The Religious Imagination: Page France, Sufjan Stevens, Half Handed Cloud, Danielson Family, and oh so Many others...

Danielson Famile
In a follow up of sorts to my last blog post, I wanted to post this abstract of a paper I will be giving at an upcoming Popular Culture conference. More to come as I work on the presentation--should be fun!
"(Im)personal Jesus: Rebirth of the Religious Imagination in US Indie Rock"

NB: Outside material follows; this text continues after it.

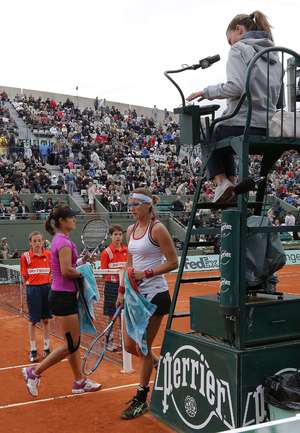 Теннис. Париж. Roland Garros. Мужчины. Одиночный разряд. Четвертый круг. Феррер (Испания, 6) - Гранольерс (Испания, 20) - 6:3, 6:2, 6:0. Дель Потро (Аргентина, 9) - Бердых (Чехия, 7) - 7:6 (8:6), 1:6, 6:3, 7:5. Тсонга (Франция, 5) - Вавринка (Швейцария, 18) - 6:4, 7:6 (8:6), 3:6, 3:6, 6:4. Альмагро (Испания, 12) - Типсаревич (Сербия, 8) - 6:4, 6:4, 6:4. Женщины. Шведова (Казахстан) - На Ли (Китай, 7) - 3:6, 6:2, 6:0. ШАРАПОВА (Россия, 2) - Закопалова (Чехия) - 6:4, 6:7 (5:7), 6:2. В четвертьфинале Мария Шарапова сыграет с победительницей матча между голландкой Арантой Рус и Кайи Канепи из Эстонии. Фото AFP

In a recent article from Pitchfork Media, columnist Chris Dahlen claims that “ there is almost no strain of music as secular as indie rock” and asks why “hipsters hate Jesus”. In the context of an irony saturated indie rock subculture, in which the proclamation of “truth” is not considered sacred, but profane, a selection of musicians are creating songs that are deeply subversive and uncharacteristically countercultural in their relentless search for meaning. This growing community of indie rock artists has given birth to a postsecular musical Renaissance, creating music pregnant with questions about mystery, transcendence, religious wonder, and personal doubt. Musicians such as Sufjan Stevens, Page France, Half Handed Cloud, the Danielson Famile, and many others continually challenge the “truth” claims of what they see as a media-induced virtual paradigm that has become the surrogate for a “traditional” religious one. All of these musicians are well versed in the glossy texts of their culture; they ironically bring the products, ads, films, and shopping spaces that we call home into the foreground of their work. They use these postmodern texts as tools to not only critique the seductive metanarrative that has nurtured their own popularity, but also to create space for spiritual exploration. This combination of biblical and contemporary consumer metaphors opens up a new, relevant discussion of an “ancient future” faith. The rise, and surprising acceptance, of these faith-focused indie performers has also instigated the emergence of anonymous online communities that discuss what were previously considered to be “outmoded” ideas of faith. Along with the song lyrics themselves, I plan to read these virtual patterns of faith discussion within the emerging texts of chat communities, online reviews, and Mp3 Blogs. This shockingly earnest and imaginative music has instigated a new conversation, a reflexive dialogue, that continually re-interprets questions of both faith and doubt for its audience.